= Heather Hennessy =

American writer (born 1982)

Heather Hennessy (born 1982) is an American former Fox Sports broadcaster, author, and media personality. She was an 800-meter national high school champion and aspiring Olympic athlete before a spine injury forced her off the track.

==Athletic career==
Hennessy was a track athlete at Archbishop Mitty High School in San Jose, and subsequently Los Gatos High School in Los Gatos, California. In 2000, at age 17, she was America's fastest female 800-meter runner, winning the national championship with a record-setting time of 2:08.84. She finished the 800-meter race with a time of 2:07:73, finishing in second place behind Neisha Bernard-Thomas, an exchange student from Grenada. The only girl to win a national championship in Los Gatos track and field history, she was inducted into the Los Gatos Hall of Fame in 2014. She was top-seeded at the Foot Locker Outdoor Championship in North Carolina in 2000.

Hennessy won an athletic scholarship to the University of Southern California. While on the Los Gatos High School cross country team's annual training trip in Lake Tahoe in 2000, Hennessy jumped off a 50-foot cliff into the water as part of the team's traditional celebratory antics. The impact shattered her spine. She was airlifted to a hospital and diagnosed with compression fractures in her neck and back. She spent four months in a body cast.

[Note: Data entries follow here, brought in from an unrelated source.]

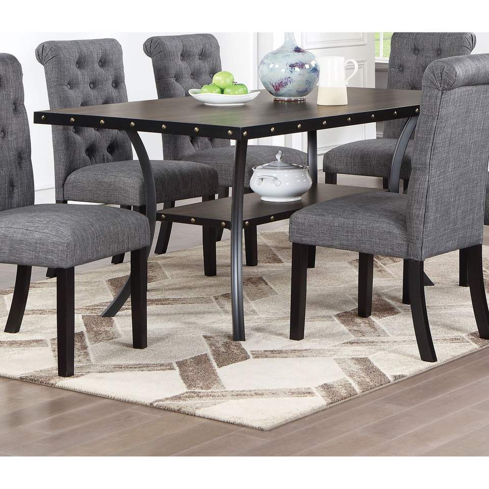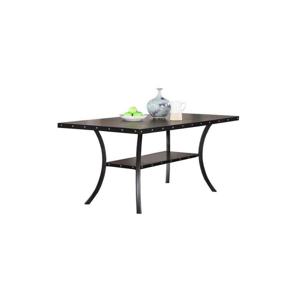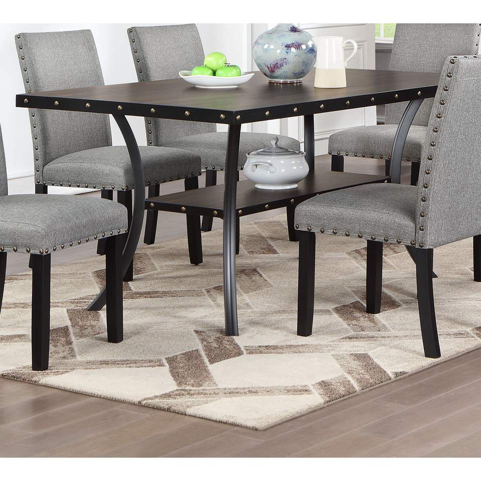 Table à manger rectangulaire en bois naturel, 1 pièce, mobilier pour salle à manger avec clous décoratifs et étagère de rangement
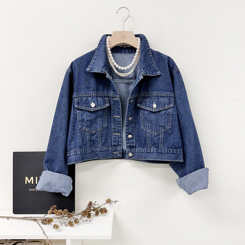 [옷자락]여성 가을 외투 연청 페이크포켓 카라 크롭 청자켓
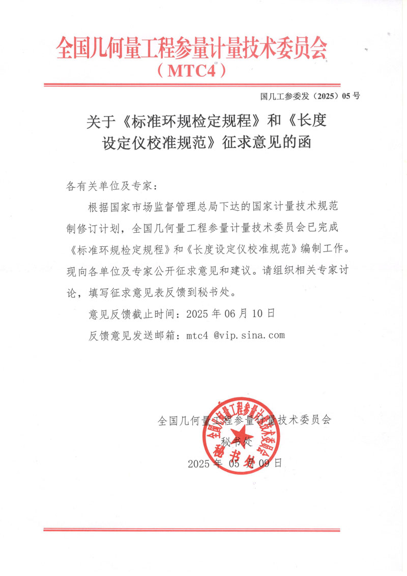 全国几何量工程参量计量技术委员会关于《标准环规检定规程》和《长度设定仪校准规范》征求意见的函
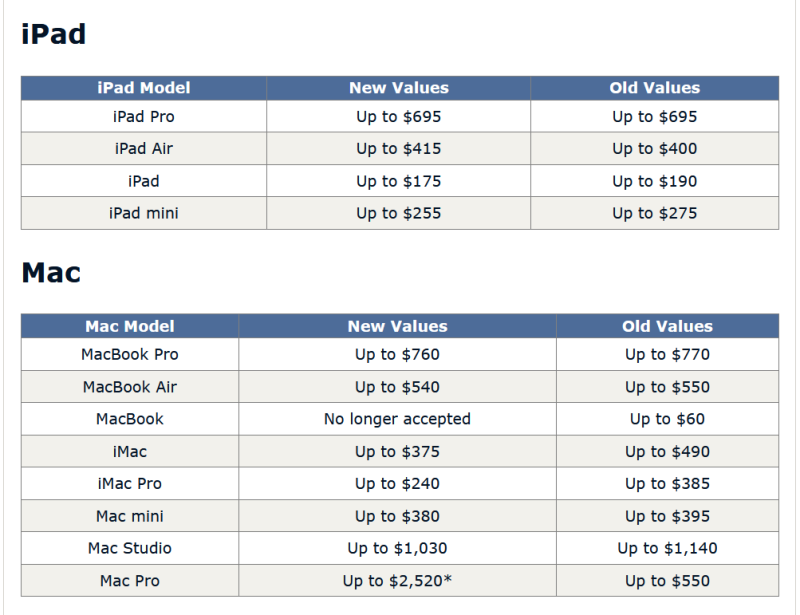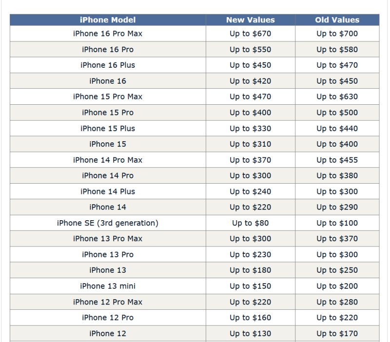 Как сообщает MacRumors, Apple скорректировала максимальную стоимость обмена для большинства устройств, снизив цены в среднем примерно на 20 %, за несколькими исключениями.
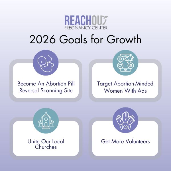 At Reach Out Pregnancy Center (ROPC), we walk alongside women and men in our local community facing unexpected pregnancies or financial hardship. Thanks to our volunteers, generous donors, and staff, we’re able to offer free pregnancy tests, ultrasounds, and parenting classes—all at no cost to the families we serve. In 2025, we served 172 clients, more than any given year prior, and celebrated the birth of 35 babies!
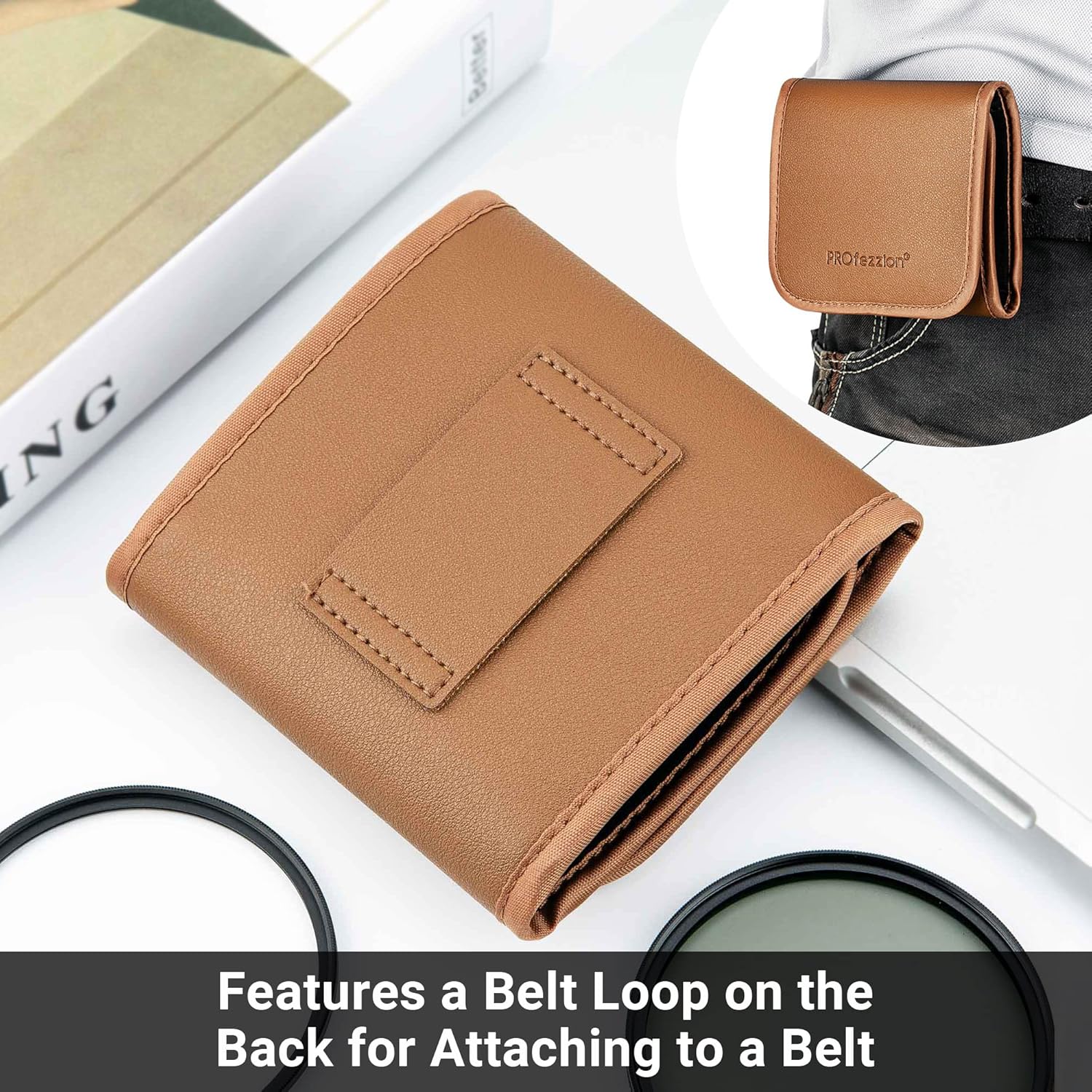 PROfezzion 3-Pocket Foldout Filter Pouch for 82mm Camera Lens Round Filter, Shock Resistant & Anti Scratch Photography Filter Case, Filter Carry Case with Microfiber Cleaning Cloth
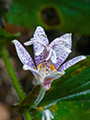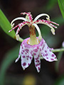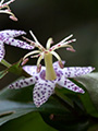 紀伊半島南部に自生。ジョウロウホトトギスに似るが、葉が細くて光沢があるところで判別できる。花は下向きに開く。葉の基部は深心形で、両側に耳片があって茎を抱く。 |

USC honored her scholarship, despite her injury.

In 2014, Hennessy returned to running, completing the Los Angeles Half Marathon to raise awareness of human trafficking. Supporting Run for Hope, she ran for two Southern California shelters.

==Fox Sports broadcasting career==

Hennessy was a reporter on Fox Sports, including national programs Fox Major League Baseball, College BCS Ratings, and Final Score Extra. Notable interviews included Francisco Rodriguez and Chipper Jones.

==Author==

In 2011, under her married name, Heather Hennessy-Howell, she wrote The Adventures of Dangles, a children's book with an anti-bullying theme.

==Media personality==

Hennessy is featured in Tom Cronin and Jacqui Fifer's documentary The Portal, about how meditation can change the world. It showcased at the Dances With Films festival in Los Angeles in June 2019.

==Personal life==

In 2009, Hennessy married J.P. Howell, an American professional baseball pitcher who played for the Kansas City Royals, Los Angeles Dodgers, Tampa Bay Devil Rays, and Toronto Blue Jays. The two met as freshmen at the University of Southern California. The two trained one off-season with Olympic skater Peggy Fleming, whom Hennessy had met as a teenager in Los Gatos. Together they founded the nonprofit Discover Your Path Foundation to help kids. Hennessy filed for divorce on August 8, 2016, citing irreconcilable differences.

In 2021, Hennessy sued both Archbishop Mitty and Los Gatos High Schools for failing to protect her against a coach who is under investigation for sexually assaulting students.